Problem to solve: An exact copy of the listing below is needed, with no pictures in it.

----------

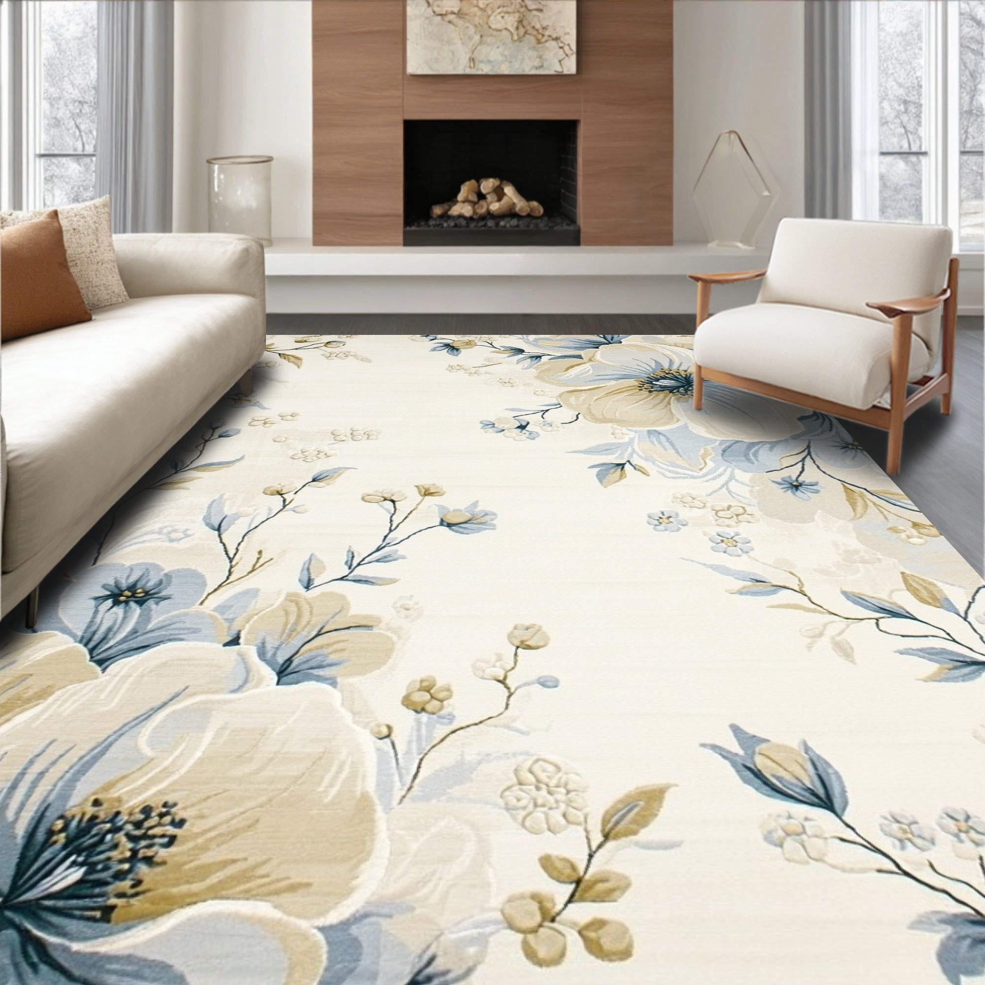 Azure Echoes Area Beige Accents Elegant Floor Art(Beige)
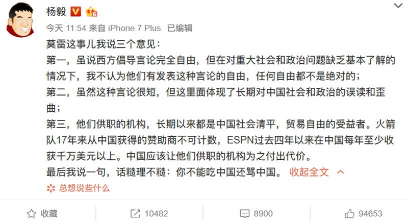 知名篮球评论员杨毅5日也在社交媒体上对莫雷的言论表达了意见↓
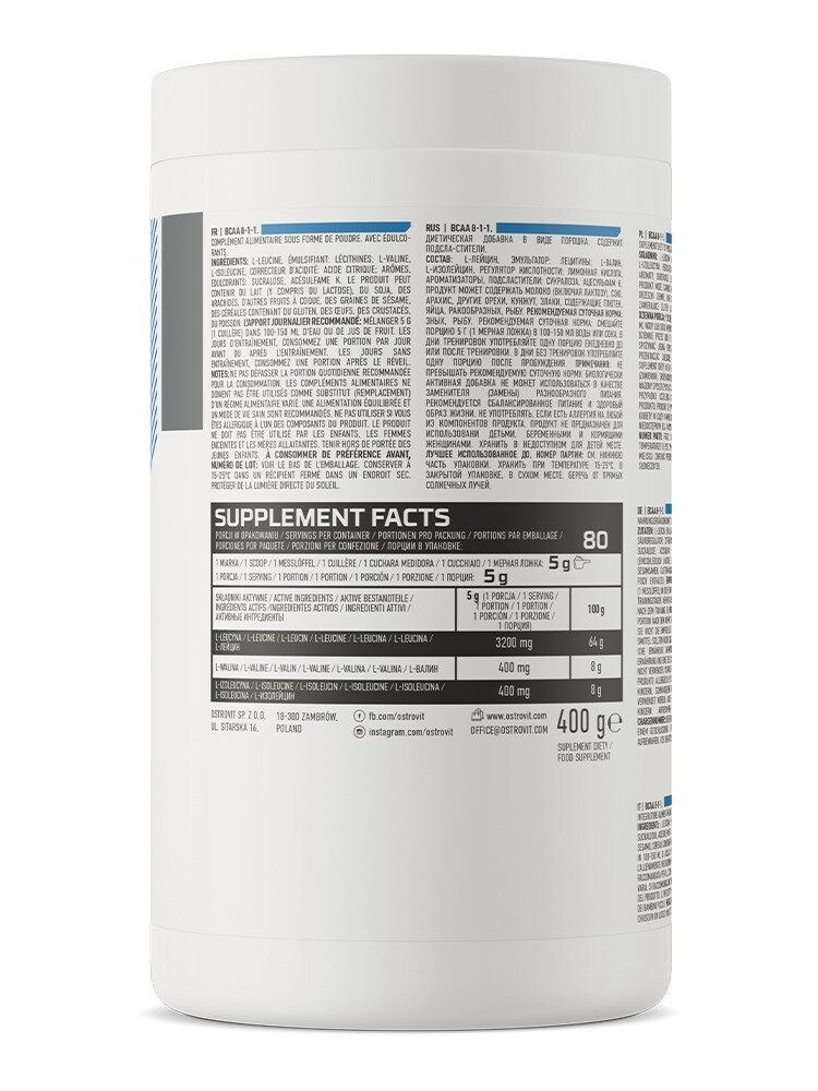 Купить BCAA в порошке Ostrovit BCAA 8:1:1 апельсин 400 гр.
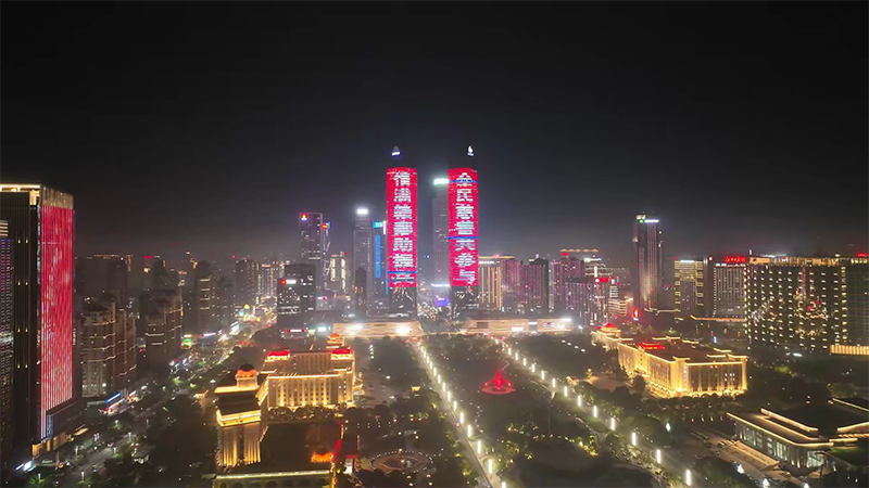 夜幕低垂,华灯初上,南昌绿地双子塔在璀璨的灯光中更显巍峨壮丽。巨大的LED屏幕上,一句温暖人心的宣传标语缓缓亮起,照亮了赣江两岸:“情满赣鄱助振兴,全民慈善共参与。”这句标语在南昌绿地双子塔上循环播放,与城市的夜景交相辉映。在这座城市的最高点,慈善的火种被点燃,爱的力量正随着夜风,飘向每一个角落。
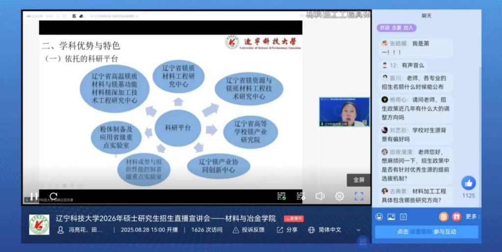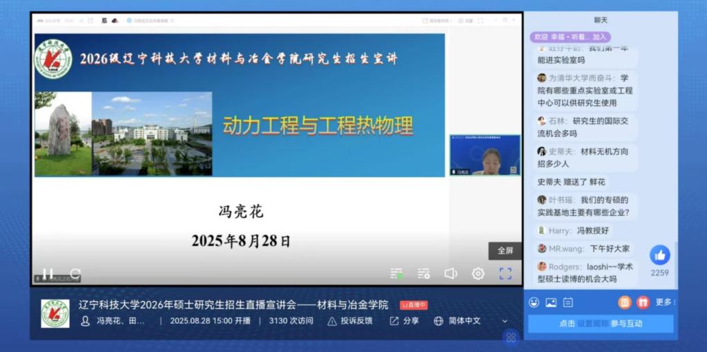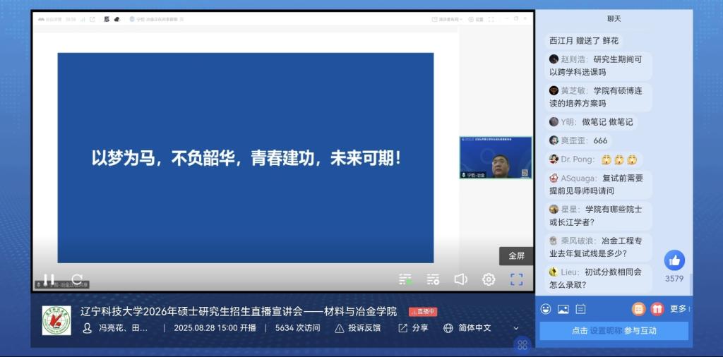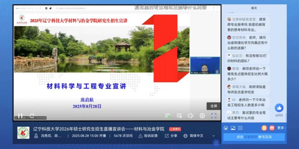 8月28日,火博手机版登录入口材料与冶金学院成功举办了2026年研究生招生线上直播宣讲会。本次宣讲会由学院副院长庞启航担任主持人。

----------

Task response:
 Azure Echoes Area Beige Accents Elegant Floor Art(Beige)
 知名篮球评论员杨毅5日也在社交媒体上对莫雷的言论表达了意见↓
 Купить BCAA в порошке Ostrovit BCAA 8:1:1 апельсин 400 гр.
 夜幕低垂,华灯初上,南昌绿地双子塔在璀璨的灯光中更显巍峨壮丽。巨大的LED屏幕上,一句温暖人心的宣传标语缓缓亮起,照亮了赣江两岸:“情满赣鄱助振兴,全民慈善共参与。”这句标语在南昌绿地双子塔上循环播放,与城市的夜景交相辉映。在这座城市的最高点,慈善的火种被点燃,爱的力量正随着夜风,飘向每一个角落。
 8月28日,火博手机版登录入口材料与冶金学院成功举办了2026年研究生招生线上直播宣讲会。本次宣讲会由学院副院长庞启航担任主持人。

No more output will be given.